STATA conversion class

September 2009

 

Professor Mark Franklin

 

 

 

 

(SEE BELOW FOR STATA TUTORIAL)

 

This class is intended for researchers who already know how to use SPSS for quantitative research at any level and want to be able to take classes in quantiatitive data analysis using STATA. It should be taken by researchers who have enough experience of quantitative research not to require the "absolute beginners" course. That course contains its own introduction to STATA, so there should be no need for anyone to take both courses.

 

Note that the conversion course will only be taught this one time during the academic year, so it should be taken by researchers who plan to take any quantitative methods classes (including 3rd term workshops) if they do not have experience of using STATA.

 

Register for the class with Alessandra.Torre@EUI.eu (ext 2211).

 

Please bring your laptop to the class with STATA installed. If you do not have a copy of STATA already on your laptop you can get it (along with a site licence) from the Badia Computing Service Site Office (by email to BF-Site@eui.eu stating also whether this is for Windows or MAC platform). It may take 24 hours or more to get the license key from STATA Inc., so be sure to install your copy well ahead of the class.

 

 

Datasets

 

Turnout dataset for Stata 9 or later

 

 

 

 

Class instructions

 

Before the class, read the two-page "Introduction to STATA for SPSS users" and download one of the datasets whose links you see above.

 

 

After the class:

 

Download 'Class instructions' (transcript of lecture)

 

Download visuals (what was on the screen during the lecture)

 

Download Introduction to Stata 8 (September 2004) by Svend Juul,

Department of Epidemiology and Social Medicine, University of Aarhus,

(This is now quite dated but still an excellent introduction to STATA usage)

 

 

STATA TUTORIAL, and tips for data management

 

The following files provide a (somewhat out of date but otherwise excellent) tutorial for those who could not attend the conversion class or who want to refresh and extend what they learned in the class.

 

Tutorial 1    Tutorial 2    Tutorial 3    Tutorial 4    Tutorial 5    Tutorial 6    Tutorial 7

 

Many coming to STATA from SPSS also come with existing datasets that need to be converted. Moreover, converting data from SPSS to STATA format is a constantly recurring need. This is most easily done by invoking "Save as…" from the SPSS File menu and choosing a STATA format in the resulting dialogue box (the various different STATA formats specified there all come to the same thing). There is also a stand-alone program called 'Stat Transfer' that converts pretty much any data format to any other data format, including variable and value labels.

 

However, simply converting the data to STATA format is often only the first chore. Often the SPSS data has missing values that are not converted to STATA missing values (and may not even have been defined as missing values in SPSS). STATA has its own definition of missing values (designated as "." or ".a" to ".z" in the data matrix), which have to be explicitly set by a "generate" or "replace" command in STATA. This is much simpler if one can specify, in a single command, all the variables for which a specific set of missing values need to be defined as missing.

 

In STATA, this can be done using a quite general facility for looping over a series of variables and/or values - useful for much else than dealing with missing data codes.

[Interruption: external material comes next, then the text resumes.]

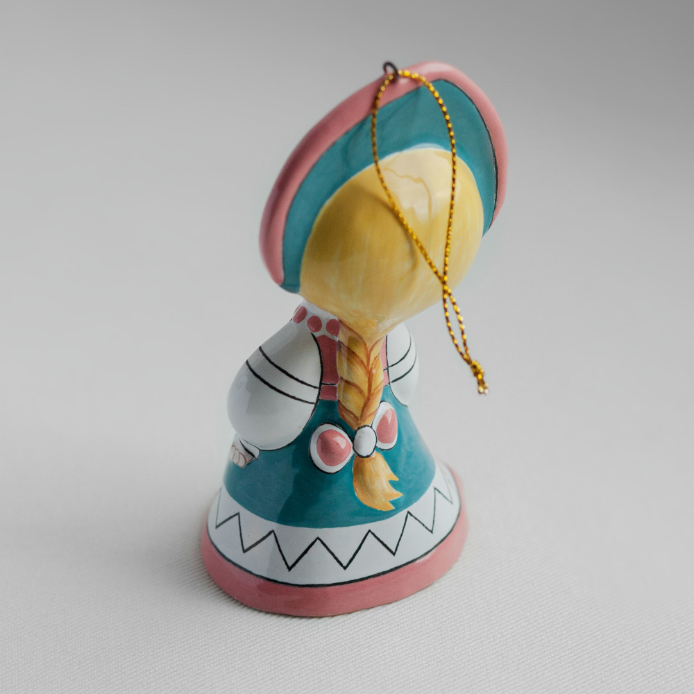 Фигурка выполнена в технике майолика в виде колокольчика, с любовью и вниманием к каждой детали. Ручная роспись придает ей неповторимый характер, а форма колокольчика добавляет нотку игривости и волшебства. Василиса, олицетворяющая мудрость и доброту, готова рассказать вам свою историю и преподать урок.

Two methods are provided, one of them documented in the current STATA help files and one of them not (because it is an obsolete facility which, however, is still supported). The documented features are described in the STATA help files under "foreach", "forvalues," and "while". These are quite hard to use, but worth mastering if you have ambitions to actually program STATA do and ado files. The undocumented features are far easier to use and are described in a document available at STATA old-style "for" command, which also contains examples for how these facilities can be used to deal with SPSS-style missing data codes. The ideas presented in these examples might be useful even to those who want to use the current STATA facilities in order to undertake missing data conversion.

 

SPECIAL NOTE regarding MISSING VALUES in STATA

While missing values in STATA are automatically taken into account by statistical and other commands, the  if  qualifier to STATA commands treats missing values as very large numbers, "regress a b if c > 5" includes in the regression analysis values of c greater than 5 and also any missing values. To specify non-missing values greater than 5 one would have to say "if c > 5 & c < ." This curious feature of the STATA command language causes much anguish!